In 1909, Aleister and Rose divorced, largely due to her alcoholism. She was subsequently admitted to an asylum suffering from alcoholic dementia. Meanwhile, Crowley soon moved on and took a woman named Leila Waddell as his lover or "Scarlet Woman". In 1910, Crowley performed his series of dramatic rites, the Rites of Eleusis, with A?A? members Leila Waddell and Victor Benjamin Neuburg.
Ordo Templi Orientis: 1912—1913
According to Crowley, Theodor Reuss called on him in 1912 to accuse him of publishing O.T.O. secrets, which Crowley dismissed on the grounds of having never attained the grade in which these secrets were given (IXth Degree). Reuss opened up Crowley's latest book,
The Book of Lies, and showed Crowley the passage. This sparked a long conversation which led to Crowley assuming the Xth Degree of O.T.O. and becoming Grand Master of the English-speaking section of O.T.O. called
Mysteria Mystica Maxima.
Crowley would eventually introduce the practice of male homosexual sex magick into O.T.O. as one of the highest degrees of the Order for he believed it to be the most powerful formula. Crowley placed the new degree above the Tenth Degree — not to be confused with any title in his own Order — and numbered it the Eleventh Degree. There was a protest from some members of O.T.O. in Germany and the rest of continental Europe that occasioned a persistent rift with Crowley.

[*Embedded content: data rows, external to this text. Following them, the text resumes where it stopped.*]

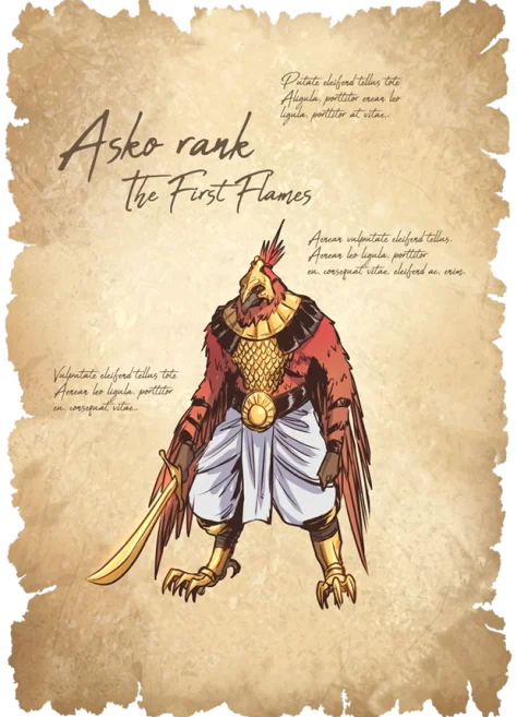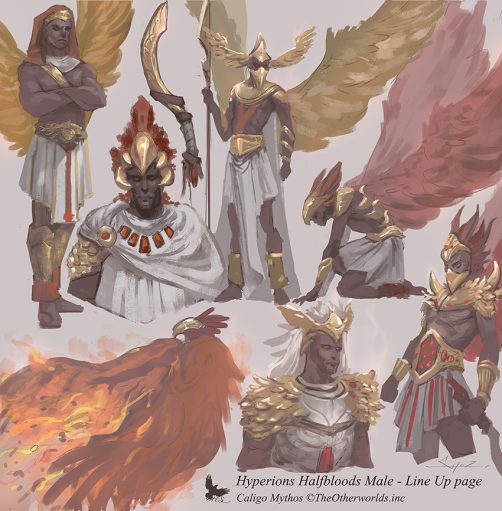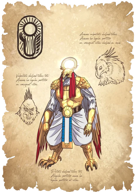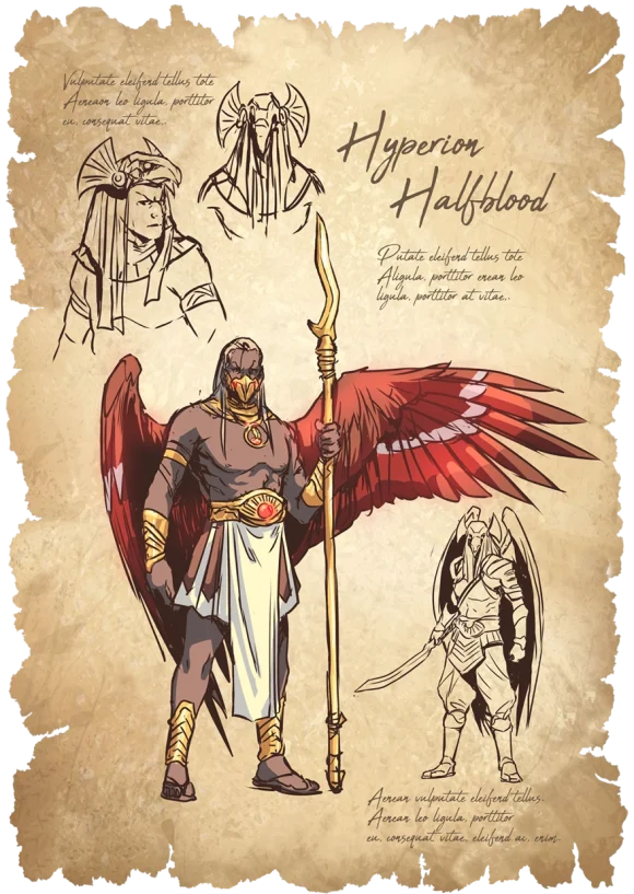 Fierce in both warfare and diplomacy, they wield influence across all territories, unhesitatingly asserting their authority and showcasing their might. Their culture and history are rooted in mystery, notably their ancient coexistence with a now vanished race, the Ainul. Their religious narratives recount their genesis during the Great Dying following the Solara Cretana Event, emerging from the ashes and embers that filled the heavens. Descending to the Gilded Deserts, by riding inside the rays of sunlight that struggled to warm the Earth during those harsh and unforgiving times. Once the first Hyperion rooted the lands, the second breathed and bore the Egg of Simorgh, an ancestor of the modern Phoenix.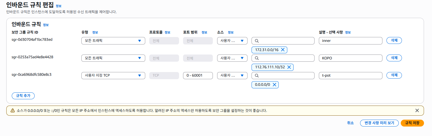 TCP: 포트 0~60001 전체 허용 (테스트/실습용)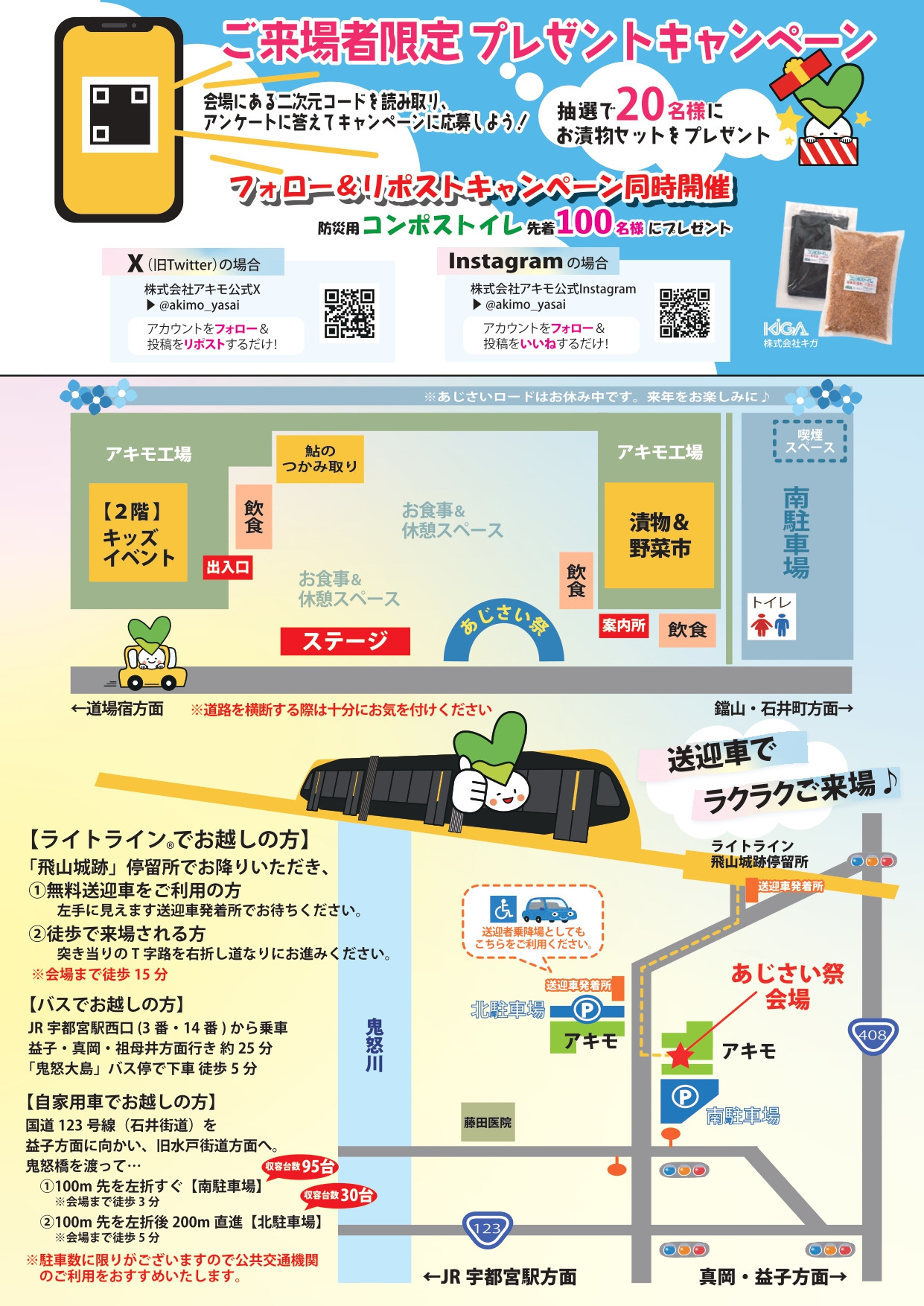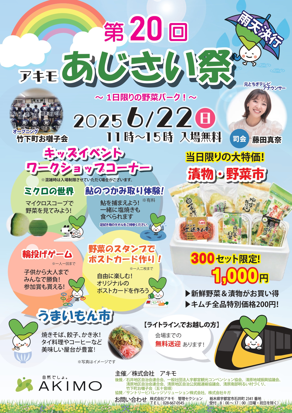 1日限りの野菜パーク!「第20回アキモあじさい祭」のお知らせ 2025-05-26 イベント 2025年6月22日(日)アキモ敷地内で「第20回アキモあじさい祭」が開催されます。お漬物を使った「うまいもん市」、当日限り大特価の「漬物・野菜市」など会場内では催し物がたくさん。ライトラインでお越しの方には、会場までの無料送迎がありますので、是非お出かけ下さい。 関連リンク 詳しく見る
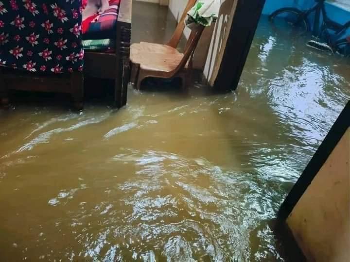 ভারতের ঢলে সিলেটের চার উপজেলায় বন্যাছবিটি জৈন্তাপুর উপজেলার ৩নং চারিকাটা ইউনিয়নের বনপাড়া-রামপ্রসাদ সড়কের।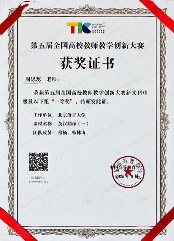 在被誉为教师教学“奥林匹克”的第五届全国高校教师教学创新大赛中,周思蕊老师团队凭借《英汉翻译(一)》课程,从全国12.7万名参赛教师中脱颖而出,斩获北京市赛一等奖和全国赛一等奖,实现了我校在该项赛事中的历史性突破。该课程紧扣“推动教学创新,培养一流人才”的大赛主题,以“多语复合、文化互鉴”“中外共译、数智融合”“知行并重、需求驱动”为改革思路,靶向解决了传统翻译教学中人机协同不足、跨文化认知薄弱等痛点问题,是学院深化教学改革、培育高阶复合型译才的卓越成果与生动缩影。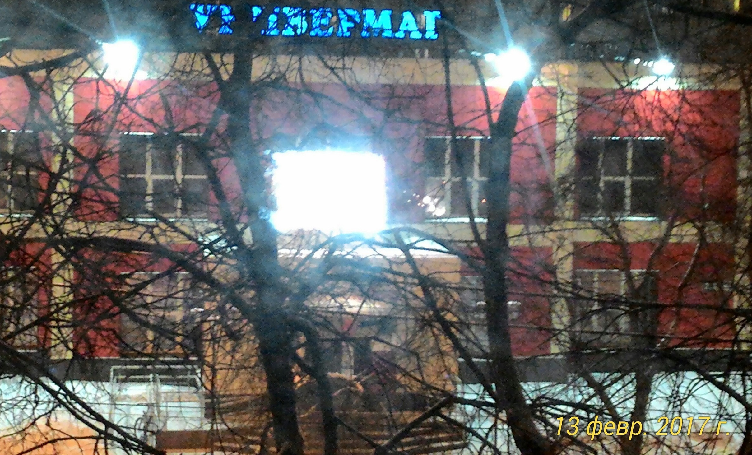 Добрый вечер Уважаемая инспекция! Просим Вас разобраться с нашей проблемой. На универмаг по ул. Советской, дом 20, висит огромный рекламный телевизор, свет его изображения бьет в окна стоящих, через дорогу домов. Заснуть просто невозможно, люди не высыпаются. Просим Вас принять должные меры.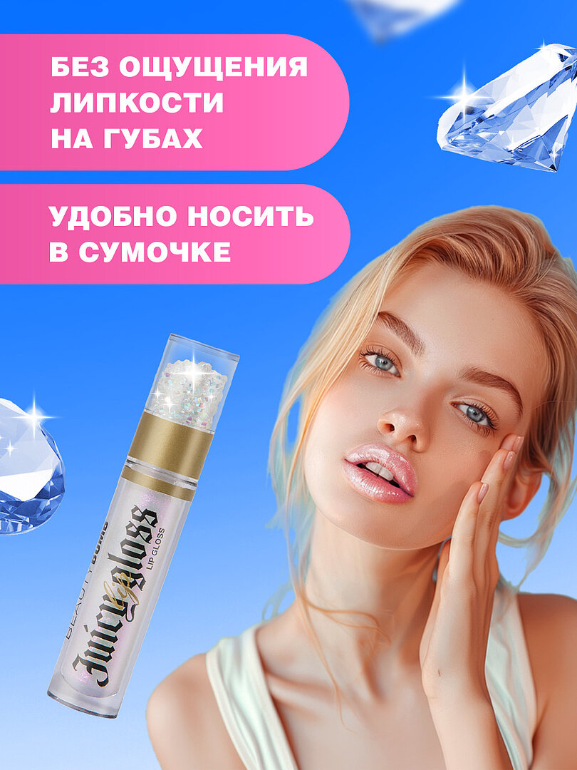 10 цен на Блеск для губ Juicy Beauty Bomb смягчающий тон 01 Diamond Star прозрачный с нежно-розовыми блестками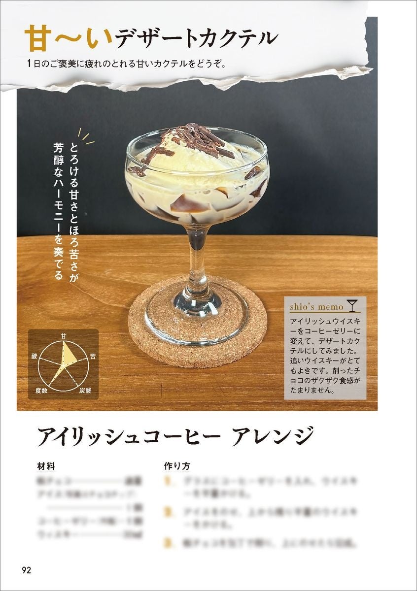 また、いわゆる「カクテル本」は「お酒ベース」での掲載が基本ですが、本書は「味ベース」ごとに掲載! 「甘×甘」「甘×酸」「すっきり」「ほろにが」「フルーティー」「ピリ辛」など……カクテル初心者さんでも、今日の夕飯に合うカクテルや今の気分に合ったカクテルが簡単に探せます!

In March 1913, producer Crowley introduced Leila Waddell in
The Ragged Ragtime Girls follies review at the Old Tivoli in London where it enjoyed a brief run. In July 1913, the production enjoyed a six-week run in Moscow where Crowley met a young Hungarian girl named Anny Ringler. Crowley went on to practice sado-masochistic sex with Ringler. According to Crowley, "... She had passed beyond the region where pleasure had meaning for her. She could only feel through pain, and my own means of making her happy was to inflict physical cruelties as she directed. The kind of relation was altogether new to me; and it was because of this, intensified as it was by the environment of the self-torturing soul of Russia, that I became inspired to create by the next six weeks." While in Moscow, Crowley would see Anny for an hour and then he would write poetry. During this summer in Moscow, Crowley would write two of his most memorable works, the
Hymn to Pan and the Gnostic Mass or
Ecclesiae Gnosticae Catholicae Canon Missae. The
Hymn to Pan would be read at his funeral thirty four years later. Certain Thelemites regularly perform the Gnostic Mass to this day. It symbolizes the act of sex as a magical or religious ritual.
Upon returning to London in the autumn of 1913, Crowley published the tenth and final number of volume one of
The Equinox. In December 1913 in Paris, Crowley would engage Victor Benjamin Neuburg in
The Paris Working. The first ritual took place on New Year's Eve 1914. In a period of seven weeks, Crowley and Neuburg performed a total of twenty four rituals which they recorded in the 'holy' or partially holy book formally entitled
Opus Lutetianum. Around eight months later Neuburg had a nervous breakdown. Afterward, Crowley and Neuburg would never see each other again.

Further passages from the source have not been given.